I love Argentina – it’s a wonderful country. My husband and I spent our honeymoon there, and we went back several times – each time was magical. That’s why, when I saw this book was set in Argentina, I didn’t hesitate to buy it. It lived up to my expectations – it was fast-paced, fun, thought-provoking, and I learned much about Argentina’s history. If you like spy stories (think James Bond!) and history, a dash of romance, and lots of adventure, then this book (based on a real person!) is for you.
A fantastic historical novel set mainly in Argentina during the Napoleonic wars. Burke (James Burke!) is a spy for the English who doesn’t hesitate to work for what he feels is right against a background of war and greed, as gold and silver are used to fuel the huge war machines of the three great powers of the time: England, France, and Spain. “Burke in the Land of Silver” took me back to a country I love, Argentina, and I learned much that I didn’t know about its history. But mostly, I followed the fascinating adventures of a gentleman spy caught between three warring countries intent on sacrificing their young men in order to gain wealth and power. The book was wonderfully researched and fast-paced. I couldn’t put it down, and I’m eagerly looking forward to reading the next books in the series.
Questions for the author:
Me: What made you choose James Burke as a character?
After I wrote ‘The White Rajah’
my agent (yes, I did briefly have one) said that I needed to write something more accessible as a first novel. He wanted it to be historical. So I was looking for possible story material and I mentioned this to friends, including an American woman I had met in Argentina. She said that there were lots of potential stories around Europeans who had been involved in the opening up of that country, so I started reading around the period and came on some references to James Burke. He sounded interesting, so I tried to research him. The only thing I could find in English was in an Irish journal. (I’m pretty sure there is a reference in the Historical Note at the end of the book, which answers some of your other questions too.) There is other stuff, much of it in Spanish, which I don’t read. Anyway, limited as it was (he was a spy so we really don’t know that much) it gave the basis for the story. The outline of the tale is all true. He was almost certainly the lover of the Viceroy’s mistress, the Queen of Spain (but so were half the court) and the Princess in Brazil. He did spy in Argentina and help the British invade. The British fleet was guided up La Plata in fog by a local pilot, though the details in the story are entirely fictional. The details of the invasion are pretty accurate as are the politics. We were ‘liberating’ Iraq at the time and I was very struck by the way in which we told the people of Buenos Aires that we were ‘liberating’ them. I’ve seen the proclamation (in English and Spanish) in a museum here. The details of the defeat of the British are entirely fictional, though they were firmly defeated
Me: Had you been to Argentina before you wrote the book?

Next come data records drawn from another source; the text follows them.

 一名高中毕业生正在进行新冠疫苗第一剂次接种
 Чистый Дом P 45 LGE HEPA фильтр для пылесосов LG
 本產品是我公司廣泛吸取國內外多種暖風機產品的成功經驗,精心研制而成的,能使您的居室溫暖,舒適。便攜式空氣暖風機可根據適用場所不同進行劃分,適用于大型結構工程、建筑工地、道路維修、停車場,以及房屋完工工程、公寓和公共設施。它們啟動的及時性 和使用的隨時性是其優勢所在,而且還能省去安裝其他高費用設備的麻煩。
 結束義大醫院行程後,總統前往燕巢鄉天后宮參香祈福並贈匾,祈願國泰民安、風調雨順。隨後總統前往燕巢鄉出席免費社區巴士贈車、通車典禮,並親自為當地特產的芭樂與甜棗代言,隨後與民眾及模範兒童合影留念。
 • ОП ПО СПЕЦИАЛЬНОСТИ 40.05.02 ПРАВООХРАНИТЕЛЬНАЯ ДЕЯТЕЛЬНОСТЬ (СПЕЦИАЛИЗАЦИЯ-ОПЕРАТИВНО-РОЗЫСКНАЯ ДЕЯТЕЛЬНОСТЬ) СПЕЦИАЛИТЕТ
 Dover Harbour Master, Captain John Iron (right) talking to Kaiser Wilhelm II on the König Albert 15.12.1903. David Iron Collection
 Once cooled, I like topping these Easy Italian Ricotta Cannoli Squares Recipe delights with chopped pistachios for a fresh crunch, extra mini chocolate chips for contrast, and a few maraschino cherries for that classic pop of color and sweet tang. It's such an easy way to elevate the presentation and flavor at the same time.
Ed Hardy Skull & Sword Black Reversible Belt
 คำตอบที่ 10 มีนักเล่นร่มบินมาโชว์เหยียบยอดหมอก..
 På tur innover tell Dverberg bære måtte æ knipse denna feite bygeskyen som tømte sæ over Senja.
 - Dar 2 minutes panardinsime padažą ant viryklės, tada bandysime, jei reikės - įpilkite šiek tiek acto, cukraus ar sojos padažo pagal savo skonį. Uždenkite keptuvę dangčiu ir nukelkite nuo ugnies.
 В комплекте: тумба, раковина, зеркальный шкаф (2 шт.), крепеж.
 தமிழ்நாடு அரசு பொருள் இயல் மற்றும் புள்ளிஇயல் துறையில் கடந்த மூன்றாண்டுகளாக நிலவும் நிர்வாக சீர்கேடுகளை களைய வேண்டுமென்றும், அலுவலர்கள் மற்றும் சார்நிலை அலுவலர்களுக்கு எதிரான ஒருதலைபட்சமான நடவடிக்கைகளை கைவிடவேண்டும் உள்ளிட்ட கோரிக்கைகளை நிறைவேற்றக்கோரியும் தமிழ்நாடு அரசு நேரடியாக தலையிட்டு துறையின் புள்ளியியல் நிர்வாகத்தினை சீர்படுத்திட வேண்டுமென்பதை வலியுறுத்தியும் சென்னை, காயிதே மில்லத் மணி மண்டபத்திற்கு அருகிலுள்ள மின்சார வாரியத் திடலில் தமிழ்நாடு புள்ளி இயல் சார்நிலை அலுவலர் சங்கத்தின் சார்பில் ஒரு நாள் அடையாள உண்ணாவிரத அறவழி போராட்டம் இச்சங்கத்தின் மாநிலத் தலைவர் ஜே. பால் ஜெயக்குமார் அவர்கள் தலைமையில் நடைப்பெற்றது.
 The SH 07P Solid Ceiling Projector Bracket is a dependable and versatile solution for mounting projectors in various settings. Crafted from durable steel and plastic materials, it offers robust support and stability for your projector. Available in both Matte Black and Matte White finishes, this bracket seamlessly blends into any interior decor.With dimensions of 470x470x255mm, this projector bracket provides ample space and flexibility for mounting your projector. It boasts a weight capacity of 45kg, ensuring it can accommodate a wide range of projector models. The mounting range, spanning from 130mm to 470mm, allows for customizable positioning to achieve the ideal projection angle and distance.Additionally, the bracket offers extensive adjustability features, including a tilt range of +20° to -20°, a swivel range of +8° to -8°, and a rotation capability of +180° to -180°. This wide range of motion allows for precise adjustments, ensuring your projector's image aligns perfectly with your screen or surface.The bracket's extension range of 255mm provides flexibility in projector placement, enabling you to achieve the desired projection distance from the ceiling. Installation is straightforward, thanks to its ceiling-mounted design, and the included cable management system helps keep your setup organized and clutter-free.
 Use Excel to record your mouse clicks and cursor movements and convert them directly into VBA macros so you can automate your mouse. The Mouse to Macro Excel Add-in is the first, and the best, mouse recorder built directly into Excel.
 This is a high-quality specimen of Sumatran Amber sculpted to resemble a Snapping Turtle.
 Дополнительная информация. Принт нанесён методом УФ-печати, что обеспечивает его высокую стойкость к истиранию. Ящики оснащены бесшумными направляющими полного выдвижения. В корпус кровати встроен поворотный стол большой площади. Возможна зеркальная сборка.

Tom: Yes, as you can see from this, I have been to Argentina before. Far, far too often. I really did ride through snow in the Andes because I wanted to know what it was like. Cold. That’s the answer. Very, very cold. But staggeringly beautiful.
Me: What is fact and what is fiction in the story? (Note: There is a list at the beginning of the book identifying the real people.)
Tom: The events in Spain all really happened, though Burke couldn’t have been in Madrid for the uprising. The timings are out by a few weeks, but I cheated. It’s too good a story and the details of the attack on the coach are true.
Wellington really was preparing an army to invade South America. The decision was made to divert it to the Peninsula, thus arguably changing the course of world history.
De Linears was a real person and I suspect deeply unpleasant. He was pretty certainly a duplicitous bastard, but details of his duplicity are imagined.
Burke did go to Argentina. He did work alongside a Mr O’Gorman, he did seduce Ana, he did cross the Andes and explore Chile and Bolivia, he did aid the invasion. The plot outline is essentially all true.
The part with de Linears (real person) is made up, as is the British defeat. (They were defeated but not like that.) And Burke really did run off with Ana, but they split up before he got back to England.
Me: I loved the character – he’s so romantic, idealistic, (yet not naive), and he’s got a very strong moral fiber. I can see where that makes it hard for him to follow certain orders or remain loyal to what he sees as a corrupt system. Is this how you wanted to portray James Burke? What ideals do you want to convey with your hero?
Tom: I see Burke as someone who was desperate to be accepted as a gentleman and who wanted to succeed in life. He wants to be ruthless and get ahead, but he is handicapped by a fundamental decentness. I wanted a hero who is romantic and brave and all the other things but also a bit of a chancer and an appalling snob. There’s more than a touch of Fleming’s Bond about him.
Me: I see that! It’s exactly what I meant. Thank you so much, Tom for chatting with me!
A note to my readers – Tom Williams was in Argentina as I wrote this, and very kindly took the time off his vacation to answer my questions!